Ketujuh Yang Mulia Surgawi berdiri dan memandang ke arah istana leluhur. Kaisar Surgawi Langxuan berseru, “Itu Aula Dupa! Segel yang kutinggalkan di aula dupa telah disentuh!”
“Milikku juga telah disentuh!”
Ekspresi Selir Gao Tian berubah drastis. Dia segera berdiri dan mendesak platform pembunuh jiwa istana leluhur untuk pergi. Dia berkata dengan marah, “Yang Mulia Surgawi sedang mencari kematian!”
Yang Mulia Surgawi lainnya saling memandang dan mengikutinya menuju istana leluhur.
Di ibu kota giok istana leluhur, aula pembakaran dupa tertanam di pohon dao. Buah dao dari pohon itu tergantung di pintu masuk aula. Buah dao dan segel aula pembakaran dupa yang tersisa masih bertabrakan. Mereka berdua berusaha saling menghancurkan!
Pada saat ini, sesuatu menggeliat di bawah tumpukan batu bata dan ubin yang pecah. Setelah beberapa saat, Wei Suifeng dan Shujun yang berkepala besar naik dari reruntuhan dan membersihkan diri.
Shujun melihat sekeliling dan melihat bahwa banyak bangunan telah runtuh di ibu kota giok istana leluhur. Dia tidak bisa menahan diri untuk bergumam, “Jadi Guru Surgawi Mu berasal dari sekte terkenal. Kemampuannya untuk menghancurkan segala sesuatu di mana pun dia pergi masih tidak sebaik milikmu…”
Wei Suifeng berkata dengan acuh tak acuh, “Tentu saja. Aku telah menghancurkan bangunan sejak zaman Han Lama hingga sekarang. Sebenarnya, reputasiku tidak pantas?”

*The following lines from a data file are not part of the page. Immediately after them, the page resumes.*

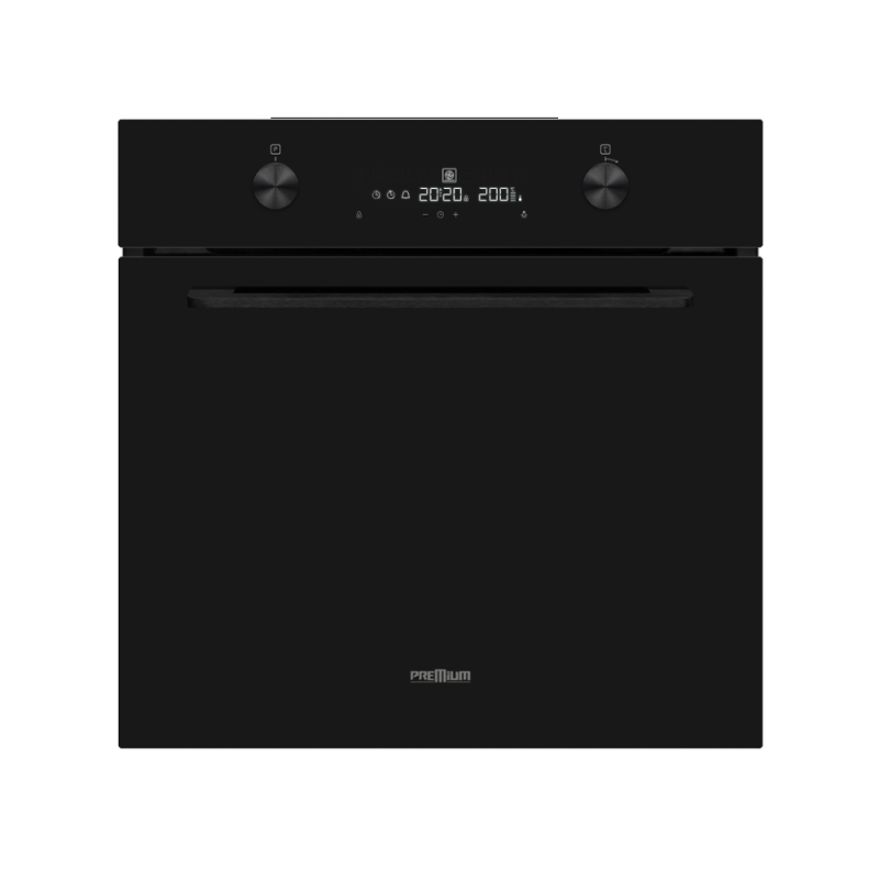 Four électrique 60 cm -  Cavité 69 litre - Classe A - 10 programmes avec afficheur - chaleur tournante - Afficheur numérique avec 2 boutons - porte froide - Verre FULL BLACK - 1 grille chromé, 2 plateaux émaillés - ventilateur de refroidissement - Auto nettoyant - Couleur: Noir - Garantie: 2ans
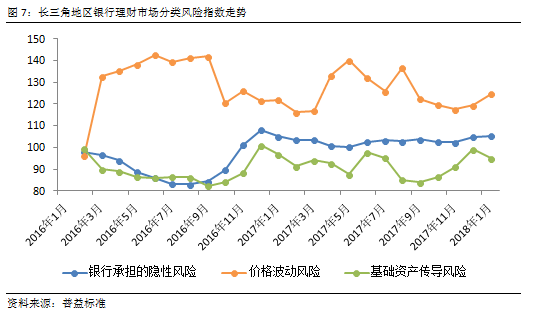 银行理财价格波动风险和基础资产传导风险走势分化,总风险得到抑制。1月长三角地区银行理财市场风险基本维持与上月同等水平,总风险指数环比上涨0.07点至105.72点,涨幅微弱。具体来看,由银行承担的隐性风险环比上涨0.51点至105.47点;价格波动风险环比上涨5.37点至124.66点;基础资产传导风险环比下降4.17点至94.98点。
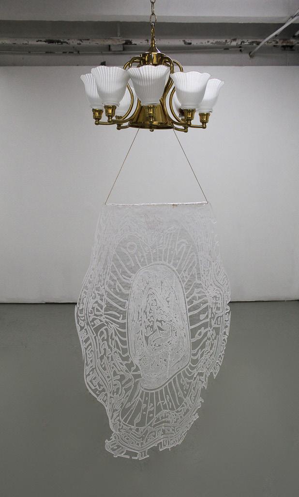 Laser etched plexiglass, chandelier, Mu’assel, brass chain, glass shades, image transfer

Keduanya saling memandang dan tertawa terbahak-bahak.
Di tengah tawa, Shu Jun melihat sekeliling dan senyum di wajahnya perlahan membeku. Bahkan tawanya pun semakin pelan. Akhirnya, tidak terdengar lagi.
Mereka melihat sungai besar kekacauan purba muncul di depan mereka. Sungai itu dipenuhi energi kekacauan purba. Sungai itu sangat luas dan perkasa, dan tidak ada yang tahu ke mana arahnya.
Wei Suifeng tertawa dan berkata, “Kali ini, apakah kau tidak takut bahwa Yang Mulia Surgawi Kesepuluh tidak akan memasuki istana pembakar dupa dan menyingkirkan orang suci asli Istana Miluo itu! Shujun, sudah waktunya kita pergi… Shujun?”
Dia mengamati wajah Shujun dan menunjukkan tatapan curiga. “Kau tidak mungkin tersesat, kan?”
Shujun terbangun, dia tertawa dan berkata, “Bagaimana mungkin aku tersesat? Hahahaha, aku adalah salah satu dari tiga raja dewa agung di zaman dahulu kala. Bagaimana mungkin aku tersesat… Hanya saja aku belum pernah ke sini sebelumnya. “Tuan Wei, apakah peta geografis Anda benar-benar berfungsi? “Apakah seseorang benar-benar akan datang dan menyelamatkan kita?”